PROVIDED DATA section start
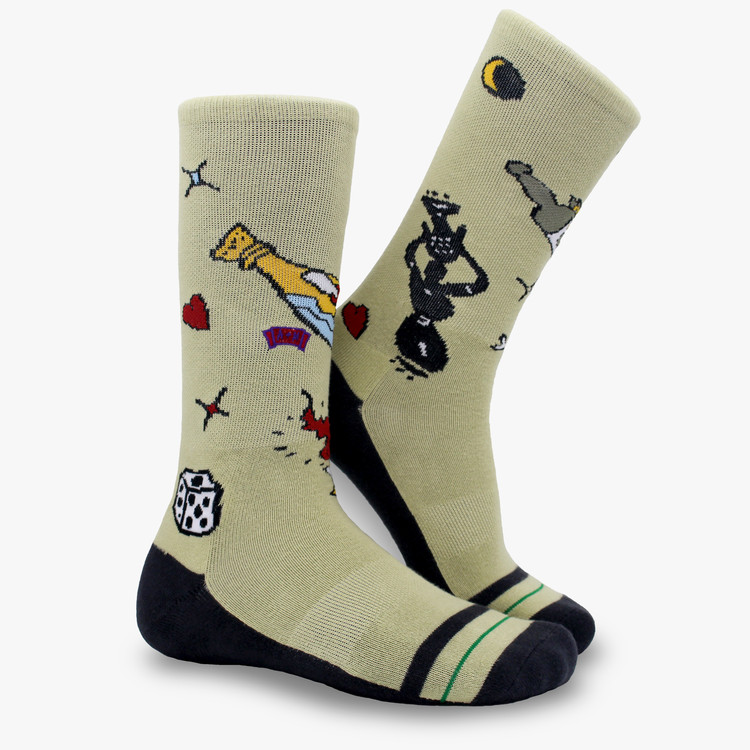 · Old School Tattoo Crew Socks는 156침수로 제작하여 사계절에 적합한 두께감을 가지고 있습니다. 바닥면에 테리쿠션 (Terry Cushioning)을 적용하여 편안한 쿠션감을 제공합니다.
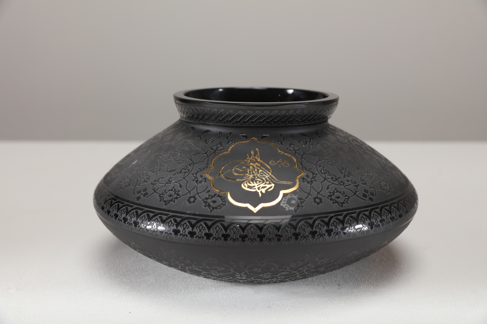Arte Islamica Ciotola in vetro satinato decorata con arabeschi e pseudo Tughra con dedica in inglese e in arabo
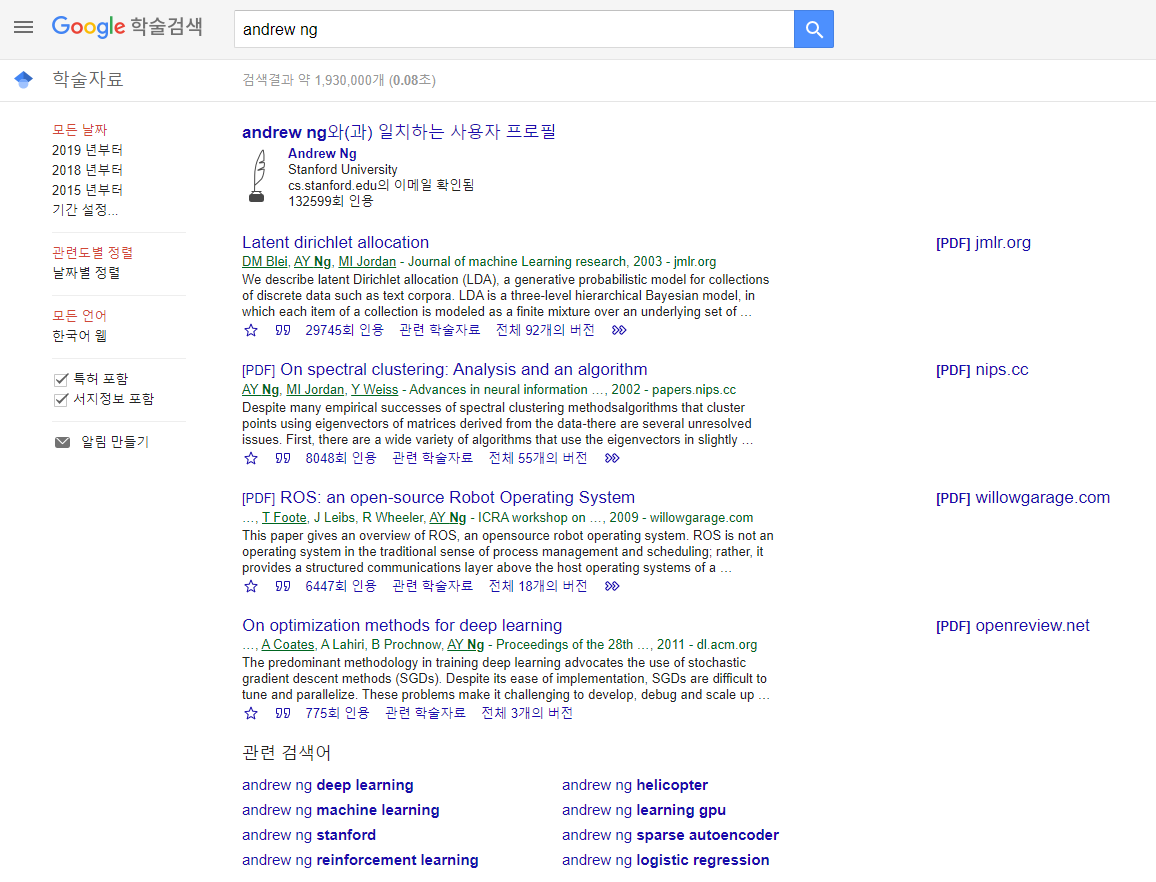 - 특정 단의의 트렌드 및 인용 등 확인 가능
PROVIDED DATA section end
**YOUR INSTRUCTIONS:** Give again the lines from the line that contains "Arte Islamica Ciotola" through the last line of the material above, exactly and with both ends included. Omit the pictures.

**THE ANSWER:**
Arte Islamica Ciotola in vetro satinato decorata con arabeschi e pseudo Tughra con dedica in inglese e in arabo
 - 특정 단의의 트렌드 및 인용 등 확인 가능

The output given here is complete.